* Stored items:
━━━━
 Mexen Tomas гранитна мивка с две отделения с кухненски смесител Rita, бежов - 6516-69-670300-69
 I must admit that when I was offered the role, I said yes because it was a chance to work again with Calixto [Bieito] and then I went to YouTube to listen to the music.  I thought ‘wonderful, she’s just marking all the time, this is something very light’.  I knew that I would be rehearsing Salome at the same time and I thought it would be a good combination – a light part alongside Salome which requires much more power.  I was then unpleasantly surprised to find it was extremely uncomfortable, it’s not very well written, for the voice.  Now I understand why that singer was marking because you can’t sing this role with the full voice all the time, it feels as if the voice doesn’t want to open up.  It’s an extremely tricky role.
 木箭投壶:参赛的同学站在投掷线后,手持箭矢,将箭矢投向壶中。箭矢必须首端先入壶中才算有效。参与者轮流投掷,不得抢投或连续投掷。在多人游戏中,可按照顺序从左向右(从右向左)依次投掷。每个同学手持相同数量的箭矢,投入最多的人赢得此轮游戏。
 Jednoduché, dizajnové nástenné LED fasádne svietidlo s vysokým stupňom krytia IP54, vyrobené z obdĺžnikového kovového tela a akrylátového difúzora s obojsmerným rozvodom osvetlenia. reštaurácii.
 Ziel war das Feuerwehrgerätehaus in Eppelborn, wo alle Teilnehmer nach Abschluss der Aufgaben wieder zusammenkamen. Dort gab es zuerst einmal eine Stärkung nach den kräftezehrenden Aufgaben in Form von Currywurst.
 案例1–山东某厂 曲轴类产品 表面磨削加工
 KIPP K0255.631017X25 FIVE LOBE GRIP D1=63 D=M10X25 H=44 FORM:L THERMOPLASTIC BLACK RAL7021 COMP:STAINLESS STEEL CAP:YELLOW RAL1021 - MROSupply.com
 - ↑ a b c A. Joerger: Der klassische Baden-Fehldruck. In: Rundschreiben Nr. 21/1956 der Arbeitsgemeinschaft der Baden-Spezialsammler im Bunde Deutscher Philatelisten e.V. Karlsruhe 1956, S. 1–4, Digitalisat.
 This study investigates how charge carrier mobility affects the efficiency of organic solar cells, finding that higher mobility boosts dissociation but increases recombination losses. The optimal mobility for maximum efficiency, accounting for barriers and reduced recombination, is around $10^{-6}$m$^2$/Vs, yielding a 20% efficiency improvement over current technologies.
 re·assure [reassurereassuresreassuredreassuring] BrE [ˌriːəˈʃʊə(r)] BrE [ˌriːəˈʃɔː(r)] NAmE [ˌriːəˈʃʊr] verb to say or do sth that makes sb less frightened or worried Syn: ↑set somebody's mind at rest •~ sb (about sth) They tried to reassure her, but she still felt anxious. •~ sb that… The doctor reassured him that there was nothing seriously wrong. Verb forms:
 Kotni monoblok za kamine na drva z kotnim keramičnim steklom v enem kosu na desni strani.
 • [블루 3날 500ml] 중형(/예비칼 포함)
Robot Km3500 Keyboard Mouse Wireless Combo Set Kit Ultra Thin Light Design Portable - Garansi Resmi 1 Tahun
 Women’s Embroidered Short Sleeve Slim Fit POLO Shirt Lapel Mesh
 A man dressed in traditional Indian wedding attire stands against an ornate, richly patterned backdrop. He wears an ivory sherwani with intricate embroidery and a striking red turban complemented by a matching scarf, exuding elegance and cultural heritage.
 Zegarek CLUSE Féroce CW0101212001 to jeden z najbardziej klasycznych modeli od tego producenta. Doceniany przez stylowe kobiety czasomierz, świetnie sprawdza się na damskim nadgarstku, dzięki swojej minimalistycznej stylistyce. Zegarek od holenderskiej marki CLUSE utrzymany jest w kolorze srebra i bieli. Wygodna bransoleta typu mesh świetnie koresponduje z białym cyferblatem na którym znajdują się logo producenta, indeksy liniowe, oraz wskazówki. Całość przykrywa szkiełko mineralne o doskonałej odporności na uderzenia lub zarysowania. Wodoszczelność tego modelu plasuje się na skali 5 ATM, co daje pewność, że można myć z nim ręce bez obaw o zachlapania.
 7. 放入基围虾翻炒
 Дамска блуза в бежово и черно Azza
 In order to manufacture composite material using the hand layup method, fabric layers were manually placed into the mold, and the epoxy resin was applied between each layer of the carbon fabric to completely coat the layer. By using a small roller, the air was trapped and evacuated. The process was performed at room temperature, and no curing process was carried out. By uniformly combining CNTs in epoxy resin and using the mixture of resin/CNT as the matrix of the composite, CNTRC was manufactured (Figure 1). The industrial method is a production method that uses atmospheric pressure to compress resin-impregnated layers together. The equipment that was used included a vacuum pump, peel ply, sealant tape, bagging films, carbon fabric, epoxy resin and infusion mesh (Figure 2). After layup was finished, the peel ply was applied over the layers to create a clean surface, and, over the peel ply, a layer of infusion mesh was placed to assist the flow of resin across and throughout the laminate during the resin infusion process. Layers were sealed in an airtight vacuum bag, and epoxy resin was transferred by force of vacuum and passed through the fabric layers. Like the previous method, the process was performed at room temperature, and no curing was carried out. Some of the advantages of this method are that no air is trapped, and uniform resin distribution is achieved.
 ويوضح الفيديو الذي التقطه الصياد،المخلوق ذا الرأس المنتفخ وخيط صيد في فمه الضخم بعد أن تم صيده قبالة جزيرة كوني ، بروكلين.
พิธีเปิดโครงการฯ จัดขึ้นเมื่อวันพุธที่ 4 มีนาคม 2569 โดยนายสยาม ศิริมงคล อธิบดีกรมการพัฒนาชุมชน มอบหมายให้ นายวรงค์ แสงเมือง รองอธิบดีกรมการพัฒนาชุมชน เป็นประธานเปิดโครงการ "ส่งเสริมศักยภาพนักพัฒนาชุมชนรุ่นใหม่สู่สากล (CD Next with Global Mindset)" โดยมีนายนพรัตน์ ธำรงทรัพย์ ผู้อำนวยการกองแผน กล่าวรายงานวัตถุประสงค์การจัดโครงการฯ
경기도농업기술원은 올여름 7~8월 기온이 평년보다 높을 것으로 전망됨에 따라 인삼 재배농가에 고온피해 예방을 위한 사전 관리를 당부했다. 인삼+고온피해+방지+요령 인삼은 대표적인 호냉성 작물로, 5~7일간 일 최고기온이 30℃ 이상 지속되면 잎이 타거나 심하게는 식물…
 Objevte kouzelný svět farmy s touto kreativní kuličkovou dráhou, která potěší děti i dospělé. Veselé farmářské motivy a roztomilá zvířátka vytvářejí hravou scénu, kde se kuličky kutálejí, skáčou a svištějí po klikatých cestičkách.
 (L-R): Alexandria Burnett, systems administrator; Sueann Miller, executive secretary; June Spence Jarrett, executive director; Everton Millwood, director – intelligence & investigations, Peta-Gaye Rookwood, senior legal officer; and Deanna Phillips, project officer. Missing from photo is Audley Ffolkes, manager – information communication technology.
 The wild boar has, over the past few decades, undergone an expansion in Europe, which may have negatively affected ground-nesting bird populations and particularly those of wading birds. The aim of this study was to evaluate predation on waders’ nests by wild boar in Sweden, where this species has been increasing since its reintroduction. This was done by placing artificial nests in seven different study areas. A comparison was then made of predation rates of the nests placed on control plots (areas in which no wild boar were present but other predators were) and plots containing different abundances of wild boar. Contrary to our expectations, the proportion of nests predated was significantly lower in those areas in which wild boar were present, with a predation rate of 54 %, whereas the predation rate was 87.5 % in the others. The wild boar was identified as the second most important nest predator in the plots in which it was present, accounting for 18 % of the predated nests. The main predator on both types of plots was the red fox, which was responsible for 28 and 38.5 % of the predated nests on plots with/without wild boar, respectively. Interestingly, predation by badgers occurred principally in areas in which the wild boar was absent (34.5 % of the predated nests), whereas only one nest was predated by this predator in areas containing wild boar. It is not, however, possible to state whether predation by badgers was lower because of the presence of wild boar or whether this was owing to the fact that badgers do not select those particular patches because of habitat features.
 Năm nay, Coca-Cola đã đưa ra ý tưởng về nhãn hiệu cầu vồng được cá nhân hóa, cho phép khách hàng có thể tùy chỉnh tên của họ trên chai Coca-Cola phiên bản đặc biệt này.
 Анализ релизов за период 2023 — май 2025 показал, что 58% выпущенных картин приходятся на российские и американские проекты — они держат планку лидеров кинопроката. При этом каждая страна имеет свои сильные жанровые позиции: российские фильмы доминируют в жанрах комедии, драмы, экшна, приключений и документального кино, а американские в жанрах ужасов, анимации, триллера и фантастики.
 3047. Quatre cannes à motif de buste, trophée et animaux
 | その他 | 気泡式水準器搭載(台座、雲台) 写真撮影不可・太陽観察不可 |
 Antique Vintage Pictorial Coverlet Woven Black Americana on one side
━━━━
* Task instructions: In the entries above, the lines between the one holding "Robot Km3500 Keyboard" and the one holding "A man dressed", inclusive, are to be printed exactly as written, and those alone.

* Result for this task:
Robot Km3500 Keyboard Mouse Wireless Combo Set Kit Ultra Thin Light Design Portable - Garansi Resmi 1 Tahun
 Women’s Embroidered Short Sleeve Slim Fit POLO Shirt Lapel Mesh
 A man dressed in traditional Indian wedding attire stands against an ornate, richly patterned backdrop. He wears an ivory sherwani with intricate embroidery and a striking red turban complemented by a matching scarf, exuding elegance and cultural heritage.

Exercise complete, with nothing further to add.